Позже, когда Бекетов приходил и стучался в дверь, приглашая поужинать, я ничего не ответила, лишь одеялом с головой накуталась и зажмурилась сильнее, с ужасом понимая, что механизм запушен. Парность никуда не делась, меня с дикой силой к нему тянуло, не смотря на страх.

Его одежда на моем деле словно клеймила, пропитывала его запахом. Снять бы, да сил нет. Меня окутывало ощущение уюта и впервые за долгое время я спокойно заснула, не терзаемая кошмарами.

Утром, едва разлепив глаза, осторожно прислушиваясь, пытаясь понять, где находился хозяин дома? Уже встал? Ушел?

Проведя ночь в его доме, проснувшись в его футболке, я почувствовала себя как минимум глупо.

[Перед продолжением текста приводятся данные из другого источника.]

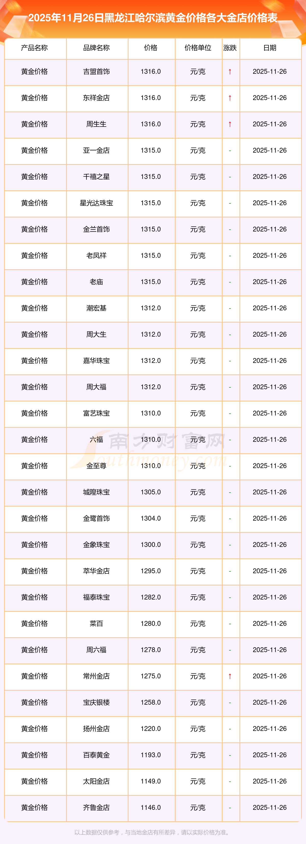 2025年11月26日黑龍江哈爾濱各大金店黃金價(jià)格最新價(jià)格查詢來了:周生生1155.0元/克,潮宏基1312.0元/克,潮宏基624.0元/克,周大生1312.0元/克,周大生624.0元/克,亞一金店1315.0元/克,亞一金店600.0元/克,寶慶銀樓1258.0元/克,寶慶銀樓368.0元/克,太陽金店1149.0元/克,太陽金店489.0元/克。
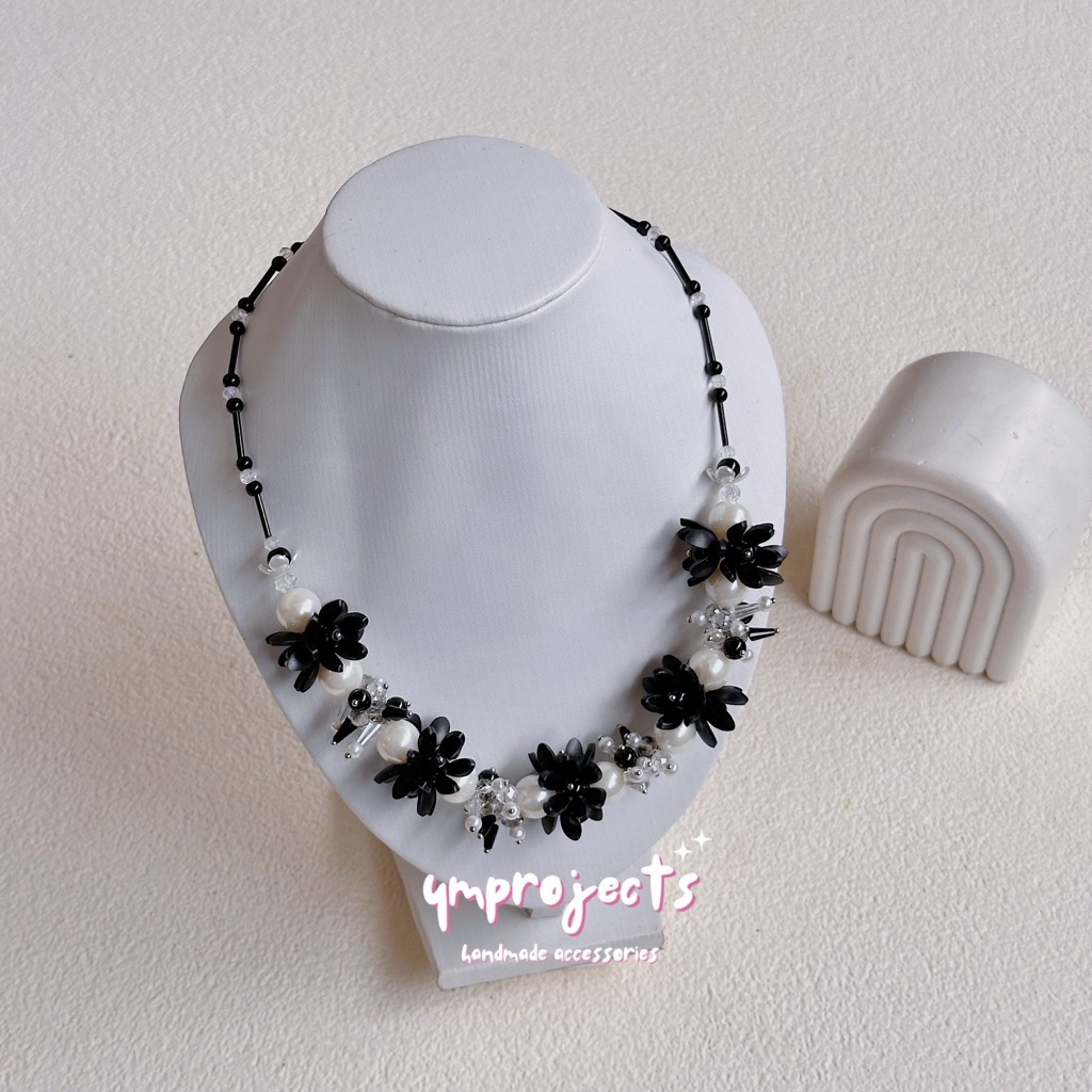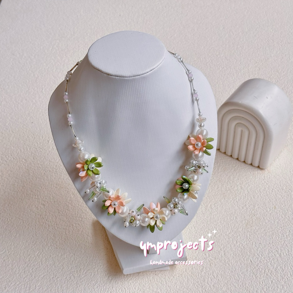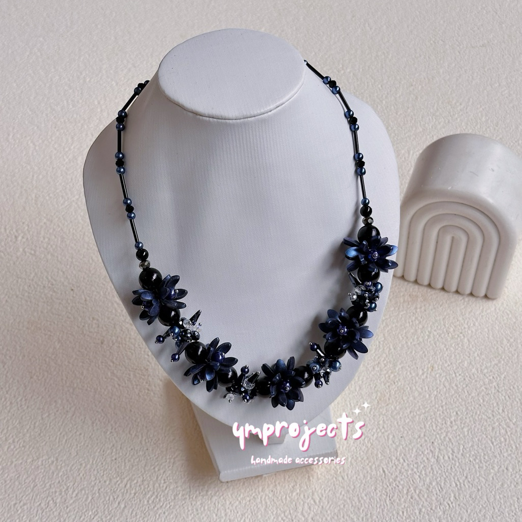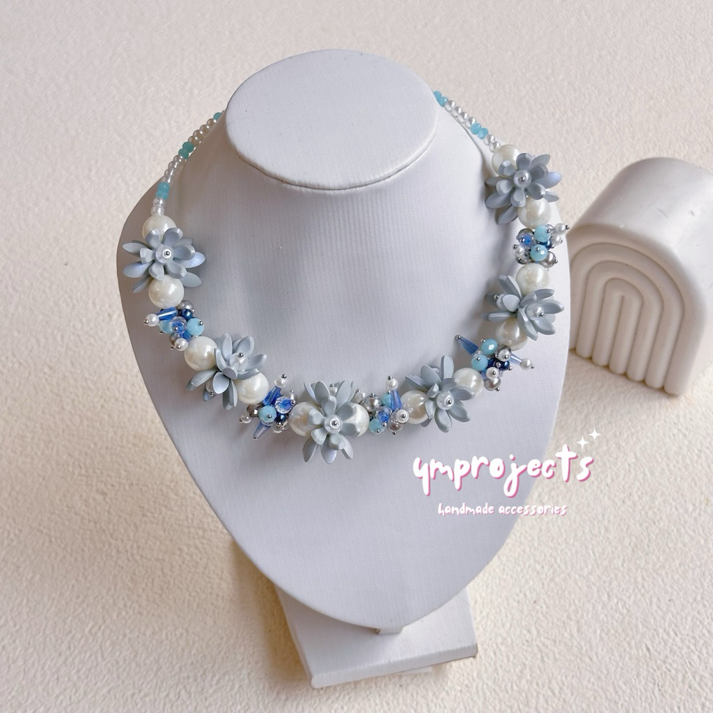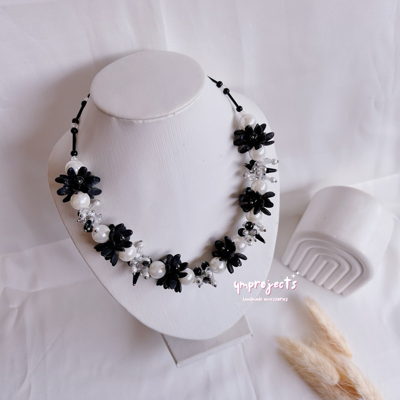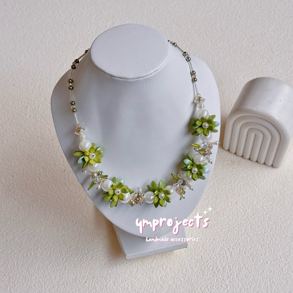 YM READY STOCK PREMIUM CRYSTAL BEADS NECKLACE - KALUNG HIJAB DAILY FASHION HANDMADE BY YMPROJECTS • CHOKER MANIK KRISTAL BUNGA MUTIARA PEMANIS BAJU POLOS KONDANGAN DAN LEBARAN | KALUNG PANJANG HIJAB NONHIJAB UNTUK KEBAYA BRIDESMAID

Зачем все это? Почему позволила себя вернуть? Все события прошлого дня показались детской игрой. Я даже не пыталась по настоящему уйти, сдаваясь, не прилагая никаких усилий. Моя слабость перед ним так очевидна, что саму тошнило. Как раньше шла за ним, так и сейчас осталась ведомой. Наверное, сильная женщина — это не про меня, если вот так просто отступала.

Я по-прежнему испытывала страх, во мне не было и капли доверия к этому оборотню, но я продолжала за ним тянуться. Даже не смотря на то, что волчицы больше нет, на то, что связь наша обескровлена.

Мне это не нравилось. Раздражала собственная реакция на альфу Черных Тополей, на мужчину, который сделал больно, но все равно остался для меня единственным, хотя я и пыталась убедить саму себя в обратном. Осознание этого стало неприятным открытием, которое било по остаткам самолюбия, делая еще более несчастной.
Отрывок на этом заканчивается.